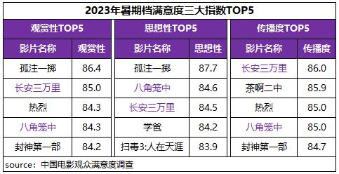 中國電影觀眾滿意度調(diào)查 2023年暑期檔調(diào)查結(jié)果顯示,暑期檔電影觀眾滿意度得分84.5分,較“五一”檔增長1.2分。檔期豐富多元的影片內(nèi)容得到了觀眾的高滿意度評價,調(diào)查的13部影片悉數(shù)進(jìn)入“滿意”區(qū)間(≥80分),有6部影片滿意度超84分,數(shù)量及占比居歷年同期之最。其中《孤注一擲》《長安三萬里》分別以86.4分、85.1分為檔期滿意度單片冠亞軍,《八角籠中》《茶啊二中》《熱烈》和《封神第一部》四部影片滿意度均超84分。2023年暑期檔高滿意度佳作迭出,市場驚喜不斷,觀影氛圍持續(xù)火熱。
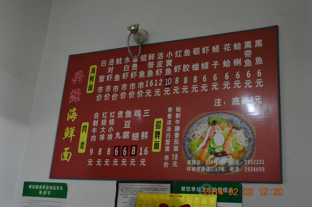 中午在定海区政府对面的小店里吃海鲜面,共花了40多元。
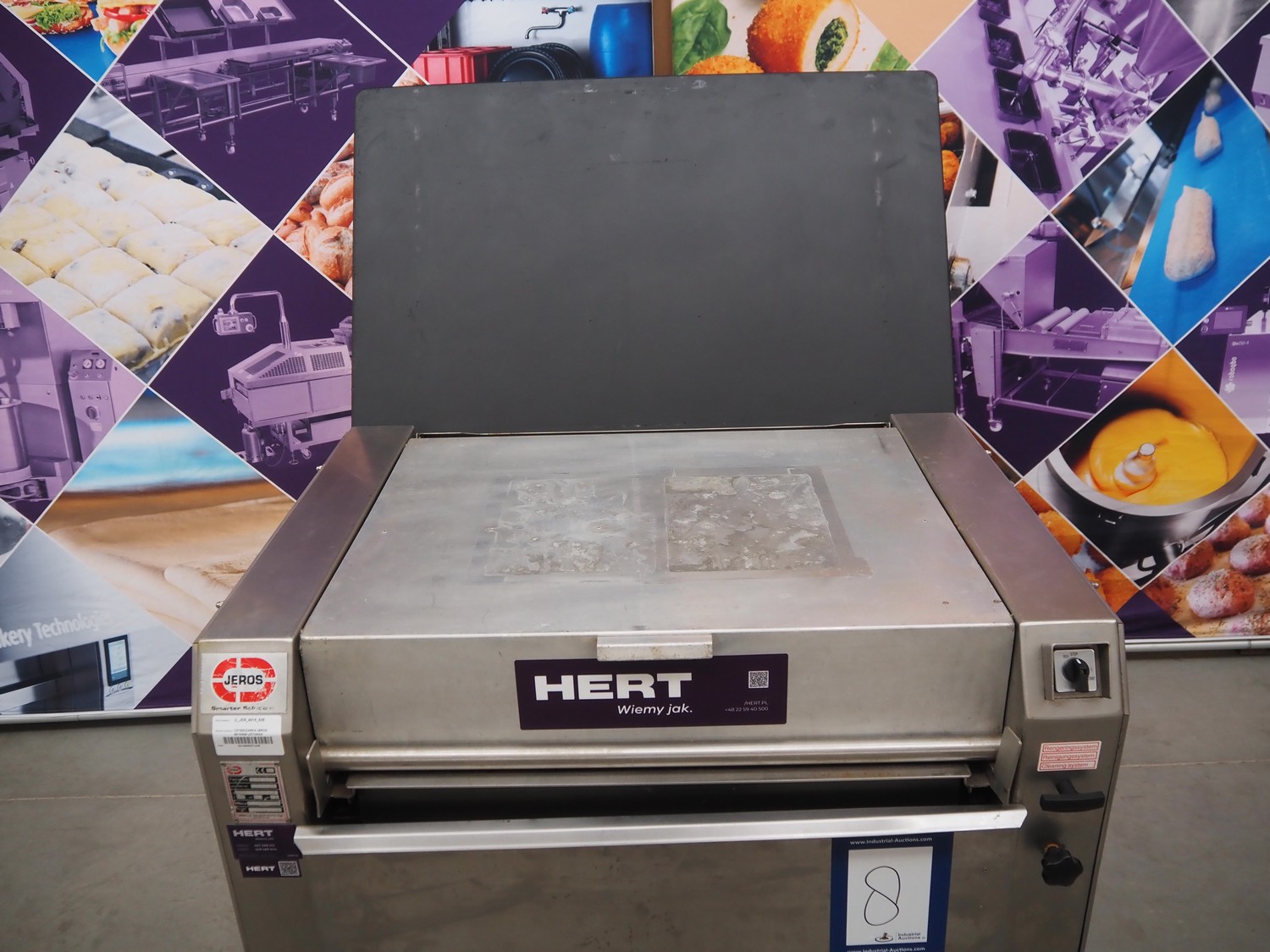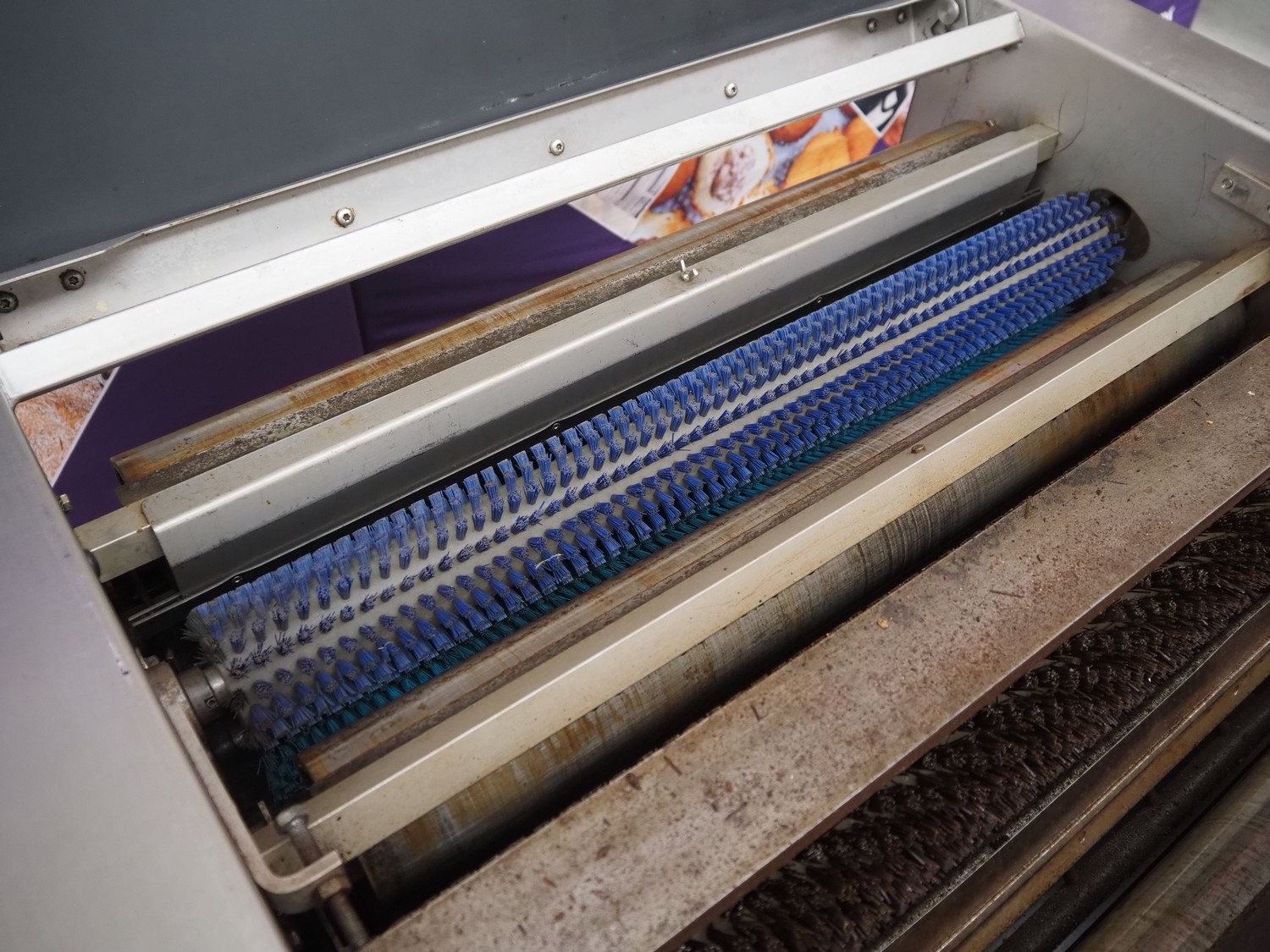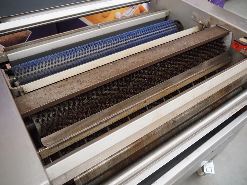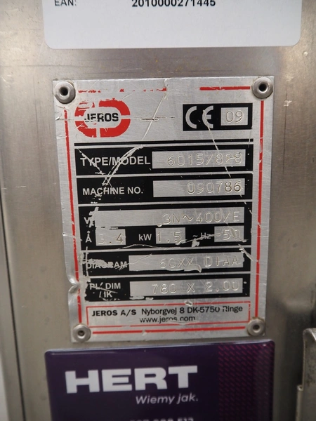 Jeros mobile baking tray cleaner, type: 6015/828, machine number: 090786, year of construction: 2009, 400 V, 3 Ph, 50 Hz, 3.4 A, 1.5 kW, brush length: 780 mm, total dimensions: 1100 mm x 730 mm x 1000 mm.
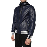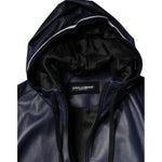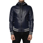 Dolce & Gabbana Blue Leather Full Zip Hooded Bomber Jacket

- - -

■ WHAT IS NEEDED
Each line of the data above is to be output exactly; the pictures are not to appear.

■ WRITTEN RESPONSE
 中國電影觀眾滿意度調(diào)查 2023年暑期檔調(diào)查結(jié)果顯示,暑期檔電影觀眾滿意度得分84.5分,較“五一”檔增長1.2分。檔期豐富多元的影片內(nèi)容得到了觀眾的高滿意度評價,調(diào)查的13部影片悉數(shù)進(jìn)入“滿意”區(qū)間(≥80分),有6部影片滿意度超84分,數(shù)量及占比居歷年同期之最。其中《孤注一擲》《長安三萬里》分別以86.4分、85.1分為檔期滿意度單片冠亞軍,《八角籠中》《茶啊二中》《熱烈》和《封神第一部》四部影片滿意度均超84分。2023年暑期檔高滿意度佳作迭出,市場驚喜不斷,觀影氛圍持續(xù)火熱。
 中午在定海区政府对面的小店里吃海鲜面,共花了40多元。
 Jeros mobile baking tray cleaner, type: 6015/828, machine number: 090786, year of construction: 2009, 400 V, 3 Ph, 50 Hz, 3.4 A, 1.5 kW, brush length: 780 mm, total dimensions: 1100 mm x 730 mm x 1000 mm.
 Dolce & Gabbana Blue Leather Full Zip Hooded Bomber Jacket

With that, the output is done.